We, at the EduHub, believe that the future of education hinges on educators’ willingness to trade tradition for tech.

Teachers must be able to proactively integrate modern technology into the classroom, whether online or in-person, to meet students’ changing needs and preferences.

The Malawi education system requires comprehensive re-contextualisation of literacy as not merely a matter of being able to read, understand and write text — it must also inherently apply to the ability to do the aforementioned across a variety of formats (i.e. tactile and digital media). In addition, learners must not only be taught technical digital skills but all facets of existing in a digital world e.g. understanding one’s rights and responsibilities as a digital citizen, evaluating media and information for truth and accuracy as well as managing one’s digital identity.

The foundational years of public education (especially primary) must introduce learners to digital skills and it should be at this level that they must begin utilising digital learning to acquire the said digital skills.

Learners must not have to advance to higher learning institutions to encounter digital learning or to gain skills for the workplace and navigating the digital era.

Jane Bozarth, Director of Research, The e-Learning Guild summed up the digital quandary as follows: “We complain that learners want to be spoon-fed, but then we won’t let them hold the spoon.”

Of course, this is easier said than done. Implementing a digital agenda faces the challenges of lack of dependable access to electricity, the internet and well-trained and supported teachers to teach digital skills. Not to mention that the very availability of affordable devices with which learners (and teachers) can access digital skills is severely limited.

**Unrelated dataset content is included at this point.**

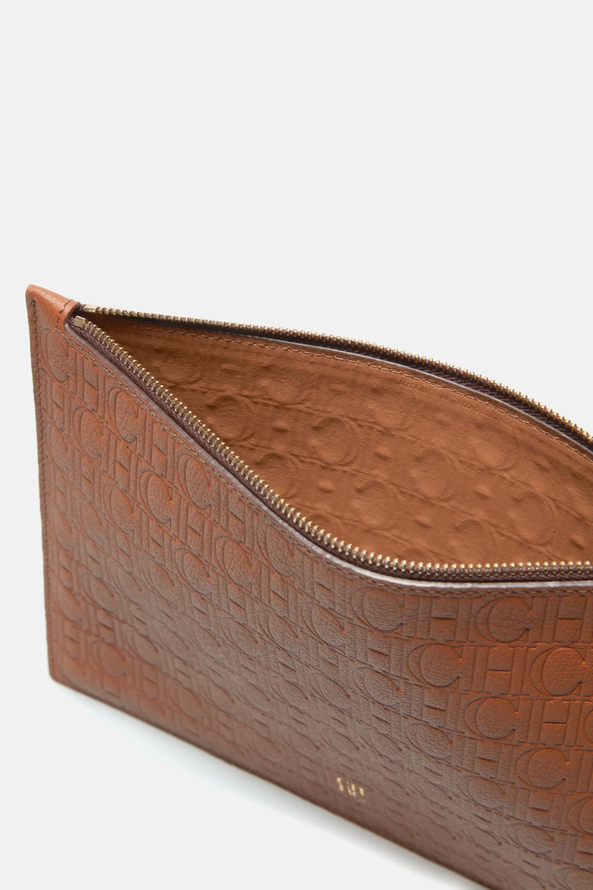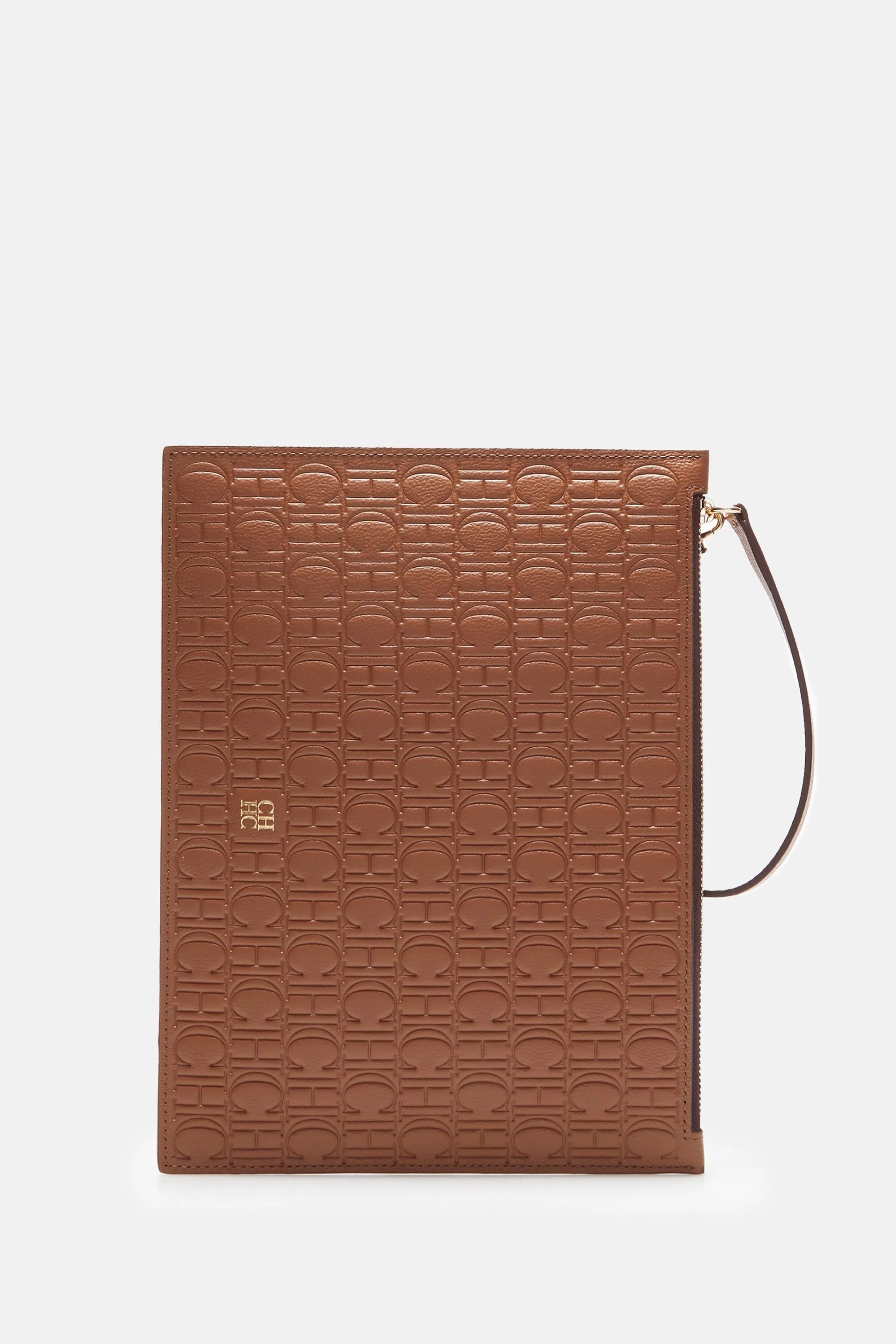 حقيبة متوسطة الحجم من جلد سيكويا، بحبيبات عادية، تحمل شعار كارولينا المنقوش. مزودة بحزام معصم قابل للإزالة، ويمكن حملها باليد أو استخدامها كمنظم للحقائب.

Nevertheless, with urgency, the government and ministry of education must formulate national digital learning models that accommodate wherever learners are in terms of skills and context i.e. learners must be able to gain literacy and digital skills regardless of whether they come from a background where they have regularly encountered digital devices before.

In addition, this digital learning framework should look to flagship projects from other stakeholders in the education sector to scale their measures to the national level. In this way, some of the challenges of implementing a nationwide digital agenda for students can be mitigated.

For instance, when it comes to digitising curricula and lessons in a user-friendly, easily digestible and easily accessible technological format using the projector model approach where learners can watch and listen while their teachers facilitate and guide them through the process, the government can look to CSEC’s EduTech in Education Project piloted in Lilongwe and Mzimba districts.

When it comes to a more hands-off approach designed for children to work through on their own and at their own pace, with minimal adult supervision, the government can look to the Unlocking Talent in Malawi initiative by VSO Malawi, in partnership with Onebillion (non-profit software development) which focuses on marginalised groups across all education districts, directly benefiting Standard 1 and 2 learners, out of school youths and children with special needs, in-service and pre-service teachers, Teacher Training College lecturers, and Primary Education Advisors. The same project can be looked to by the government when considering how to circumvent low electricity availability by using cost-effective solar-powered Learning Centres.

Indeed, the insights and successes of these and other flagship digital learning projects must be utilised and leveraged by the government to formulate a contextually appropriate digital education framework for the learners in Malawi.

Collectively, we must deter the simultaneously ongoing and incoming education crisis by building the literacy of students and equipping them for the digital era.